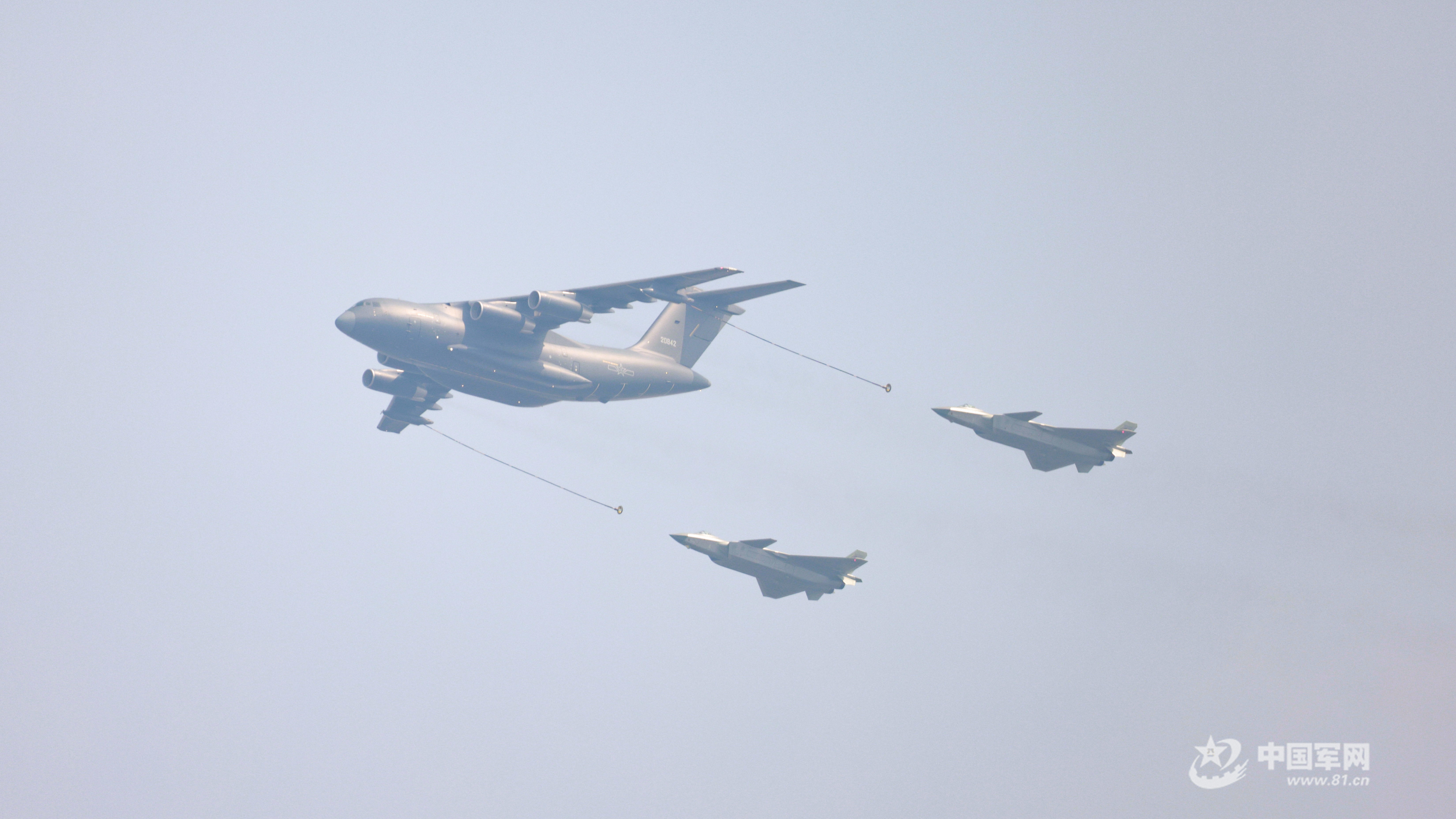 加受油機(jī)梯隊(duì)受閱戰(zhàn)機(jī)。
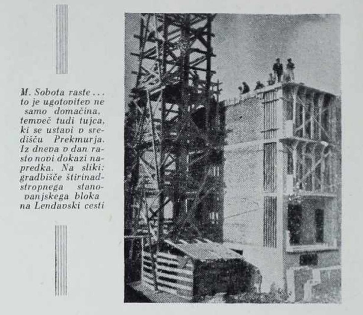 Če izvzamemo sakralno arhitekturo, je bil prvi znanilec urbane vertikale na soboški ravnici prav soboški nebotičnik. Prvi prebivalci so se vselili ob desetletnici osvoboditve, novembra 1955. Takrat je bilo v jugoslovanskem grbu zgolj še pet plamenic. Prebivalec z najdaljšim statusom v bloku je Zoran Vidic, eden redkih »originalov« bi lahko rekli, ki so ga v ta blok prinesli kot dvomesečnega dojenčka in še danes prebiva v bloku. Vsekakor zanimiv sogovornik, ki je v tej stavbi odrastel in je živa priča ne zgolj življenja v tem bloku, ampak pričevalec urbanističnega razvoja tega dela mesta.
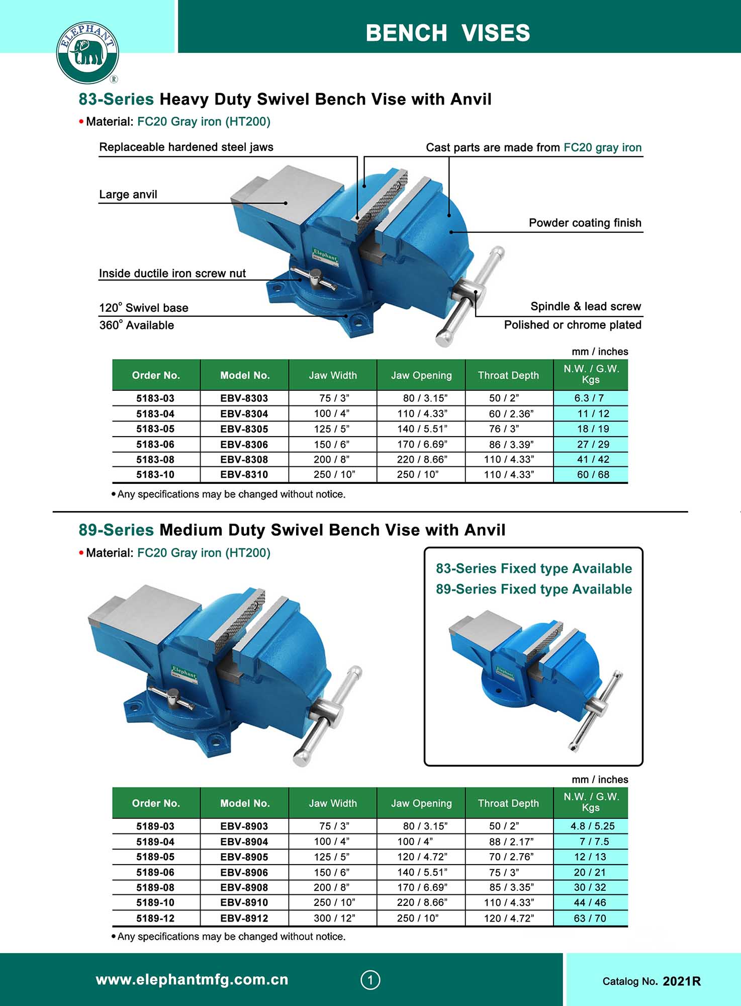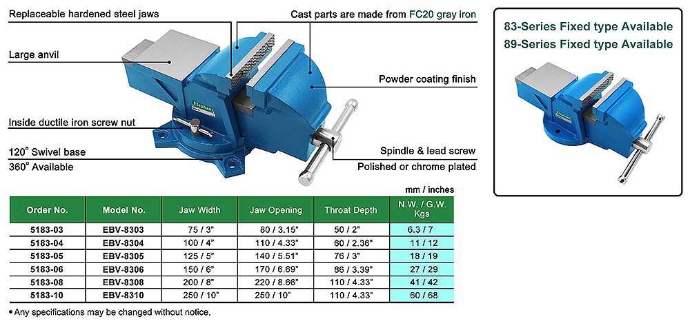 83-Series HEAVY DUTY SWIVEL BENCH VISE WITH ANVIL
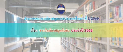 ได้รับการยกย่องให้เป็น “ห้องสมุดสถาบันอุดมศึกษาดีเด่น” ตามประกาศสมาคมห้องสมุดแห่งประเทศไทยฯ ที่ 3/2569 เรื่อง รางวัลห้องสมุดดีเด่น ประจำปี 2568 ประกาศ ณ วันที่ 4 กุมภาพันธ์ 2569 (https://www.tla.or.th/index.php/th/news-and-events/announcement/509-3-2569)
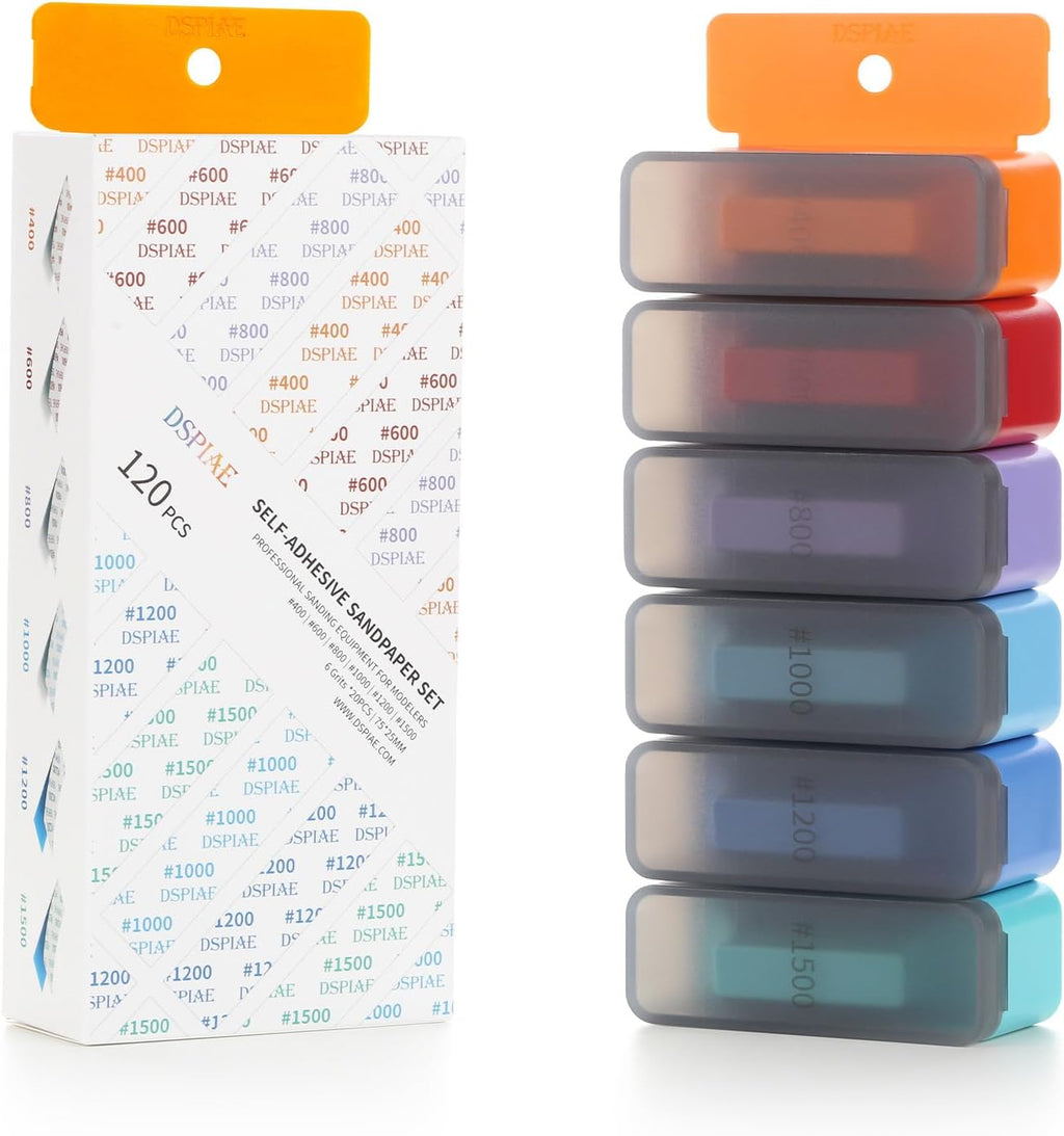 Includes 120 sheets of durable adhesive sandpaper across six essential grits, from #400 to #1500.
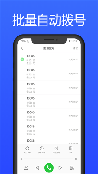 拨号多多app是一款功能强大实用性极强的自动拨号软件,能够轻松实现电话号码的自动外呼,适用场景非常广,能够用于电销、日程安排、定时提醒、早觉唤醒、业务安排、电话客服等非常多的场景,实用性极强,非常好用。同时软件使用起来也十分简单,相当易上手,只需将需要拨打的号码添加进软件当然后设置拨打次数、拨打时间、拨打间隔即可,系统会根据你设置的选项自动按时拨打。此外对于那些从事电销的用户们来说单个输入大量的号码十分的麻烦,因此拨号多多当中有智能导入的批处理功能能够对其提供帮助,它能够自动识别EXCEL表格和TXT文本文档,将其中大量的电话号码自动导入到软件当中,非常的方便,能够为其节省大量的时间,提升工作效率。
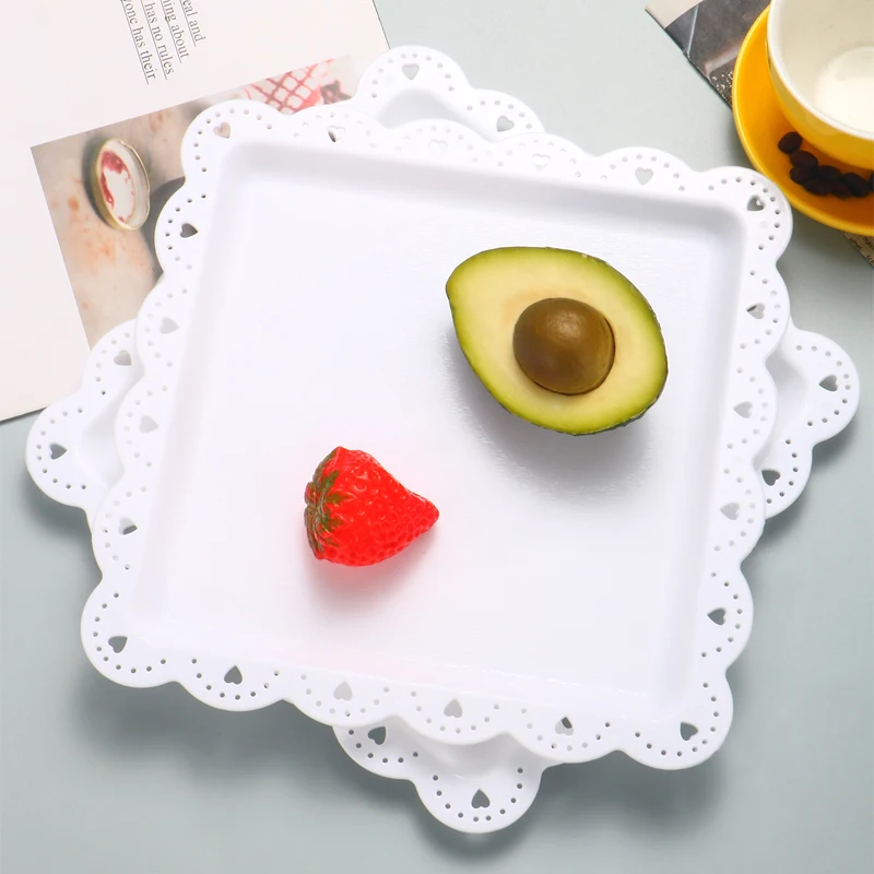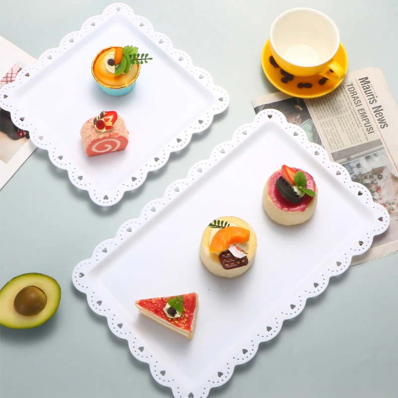 2 square/rectangular dessert plates PP material can be reused for hotel restaurant wedding birthday party
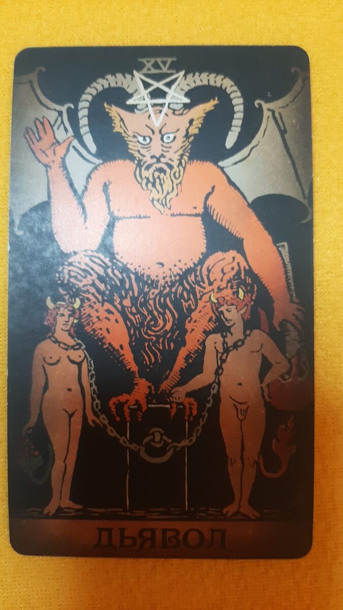 Прямая карта: Дьявол у каждого свой и может обозначать как плодородие и повышенную сексуальность, так и переход на сторону зла. В большинстве случаев это как раз столкновение с темной стороной жизни, человеческими пороками, обманом, похотью, грязными делами и опасными людьми. Желание властвовать, непомерная тяга к земным благам, ведь не зря Дьявола называют князем мира сего. Искушения, появление возможностей нечестным путем добиться желаемого или людей, сулящих золотые горы. Но за красивыми посулами скрывается подвох и за все придется дорого заплатить – игры с Дьяволом очень опасны. Он ловит нас на крючок страстей и желаний, под действием этого Аркана легко впасть в зависимость. Есть риски встать на скользкую дорожку, выбрать неверный путь, повязать себя круговой порукой, поэтому карта указывает на мафиозные структуры. Материальные интересы преобладают над духовными ценностями, совестью и моралью. Под действием Дьявола возможно все! А на невозможное потребуется больше денег, ведь все в этом мире продается и покупается.

[TASK DESCRIPTION]
Please produce an exact copy of the listing, omitting the pictures.

[WORKED SOLUTION]
 加受油機(jī)梯隊(duì)受閱戰(zhàn)機(jī)。
 Če izvzamemo sakralno arhitekturo, je bil prvi znanilec urbane vertikale na soboški ravnici prav soboški nebotičnik. Prvi prebivalci so se vselili ob desetletnici osvoboditve, novembra 1955. Takrat je bilo v jugoslovanskem grbu zgolj še pet plamenic. Prebivalec z najdaljšim statusom v bloku je Zoran Vidic, eden redkih »originalov« bi lahko rekli, ki so ga v ta blok prinesli kot dvomesečnega dojenčka in še danes prebiva v bloku. Vsekakor zanimiv sogovornik, ki je v tej stavbi odrastel in je živa priča ne zgolj življenja v tem bloku, ampak pričevalec urbanističnega razvoja tega dela mesta.
 83-Series HEAVY DUTY SWIVEL BENCH VISE WITH ANVIL
 ได้รับการยกย่องให้เป็น “ห้องสมุดสถาบันอุดมศึกษาดีเด่น” ตามประกาศสมาคมห้องสมุดแห่งประเทศไทยฯ ที่ 3/2569 เรื่อง รางวัลห้องสมุดดีเด่น ประจำปี 2568 ประกาศ ณ วันที่ 4 กุมภาพันธ์ 2569 (https://www.tla.or.th/index.php/th/news-and-events/announcement/509-3-2569)
 Includes 120 sheets of durable adhesive sandpaper across six essential grits, from #400 to #1500.
 拨号多多app是一款功能强大实用性极强的自动拨号软件,能够轻松实现电话号码的自动外呼,适用场景非常广,能够用于电销、日程安排、定时提醒、早觉唤醒、业务安排、电话客服等非常多的场景,实用性极强,非常好用。同时软件使用起来也十分简单,相当易上手,只需将需要拨打的号码添加进软件当然后设置拨打次数、拨打时间、拨打间隔即可,系统会根据你设置的选项自动按时拨打。此外对于那些从事电销的用户们来说单个输入大量的号码十分的麻烦,因此拨号多多当中有智能导入的批处理功能能够对其提供帮助,它能够自动识别EXCEL表格和TXT文本文档,将其中大量的电话号码自动导入到软件当中,非常的方便,能够为其节省大量的时间,提升工作效率。
 2 square/rectangular dessert plates PP material can be reused for hotel restaurant wedding birthday party
 Прямая карта: Дьявол у каждого свой и может обозначать как плодородие и повышенную сексуальность, так и переход на сторону зла. В большинстве случаев это как раз столкновение с темной стороной жизни, человеческими пороками, обманом, похотью, грязными делами и опасными людьми. Желание властвовать, непомерная тяга к земным благам, ведь не зря Дьявола называют князем мира сего. Искушения, появление возможностей нечестным путем добиться желаемого или людей, сулящих золотые горы. Но за красивыми посулами скрывается подвох и за все придется дорого заплатить – игры с Дьяволом очень опасны. Он ловит нас на крючок страстей и желаний, под действием этого Аркана легко впасть в зависимость. Есть риски встать на скользкую дорожку, выбрать неверный путь, повязать себя круговой порукой, поэтому карта указывает на мафиозные структуры. Материальные интересы преобладают над духовными ценностями, совестью и моралью. Под действием Дьявола возможно все! А на невозможное потребуется больше денег, ведь все в этом мире продается и покупается.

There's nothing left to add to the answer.